Bird-Reasoning.—The first winter after the erection of a telegraph line on the coast of Antrim, Ireland, numbers of starlings migrating from Scotland were found dead or wounded on the roadside, they having, evidently, in their flight in the dusky morning, struck against the wires. Strange to say, during the following and succeeding winters, hardly a death occurred among the starlings on their arrival. The inference drawn from all this by a writer in "Nature" is that "the birds were deeply impressed and understood the cause of the fatal accidents among their fellow travelers, that previous year, and hence carefully avoided the telegraph wires; not only so, but the young birds must also have acquired this knowledge and perpetuated it—a knowledge which they could not have acquired by experience or even by instinct, unless the instinct was really inherited memory derived from the parents whose brains were first impressed by it."

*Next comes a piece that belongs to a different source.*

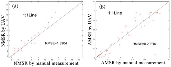 The summary of the measured information of missing seedlings is shown in Table 4. The 1:1 line between the UAV measurement results and manual measurement results of the number and area of broadcast sowing region of missing wheat seedlings is shown in Figure 9. The R2 value of the number of region of missing seedlings was 0.93**, and RMSE was 1.39; the R2 value of the area of region of missing seedlings was 0.78**, and RMSE was 0.20. The average number of these regions obtained from UAV images and manual measurement was 4.5 and 5.2, respectively. The average area of these regions obtained from UAV and manual measurement was 0.57 cm2 and 0.51 cm2, respectively, which shows little difference.
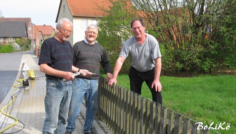 Auch wenn auf dem Bild nur drei zu sehen sind: es waren vier fleißige "Kirchwerker", die sich um den maroden Kirchzaun in Liedingen gekümmert haben. Auf dem Foto sind von links nach rechts Peter Reiß, "Peter" Streich und Detlev Gebhardt zusehen, der vierte im Bunde war Heiko Spanier.

Habits of the Thresher-Shark.—Having received a fine specimen of the fox, or thresher-shark, Mr. Frank Buckland sends to "Land and Water" an account of all he has been able to learn concerning the habits of that animal. Premising that what he says has to be taken with many "grains of salt," we subjoin the main points of his communication. This shark, it appears, is called "the thresher," from the power it has, in company with the sword-fish, to destroy a whale, by jumping into the air and striking the whale with its tail, the sword-fish in the mean time striking the whale from beneath. Mr. Buckland has never seen a thresher hunting mackerel, but believes that this shark "rushes into a shoal of these fish, and lays about right and left with his long tail; when the frightened mackerel are endeavoring to fall into their ranks again, the shark has a good opportunity of seizing them one by one." Of the contests between thresher-sharks and whales he gives the following animated account, on the authority of one Captain Hill, and in that worthy skipper's own words: "The thresher-sharks just do serve out the whales. The sea sometimes is all blood. A whale once got under our vessel—the Hurricane—to get away from these threshers, and when she was there we was afraid to throw a rope overboard, almost to walk about, for fear she should chuck her tail and punch a hole in our vessel. She was full length, in water as clear as gin, right under our bottom, and laid as quiet as a lamb for an hour and a half, and never moved a fin. Where they had been a-threshing of her, the sea was just like blood. I have seen these 'ere threshers fly out of the water as high as the masthead, and down upon the whale while the sword-fish was a pricking of him from underneath. There is always two of 'em—one up and one under; and I think they hunt together, and you can see the poor whale blow in great agitation; and I be bound the pair of them don't leave him till they have had their penn'orth out of him. I don't think they leaves him till they kills him."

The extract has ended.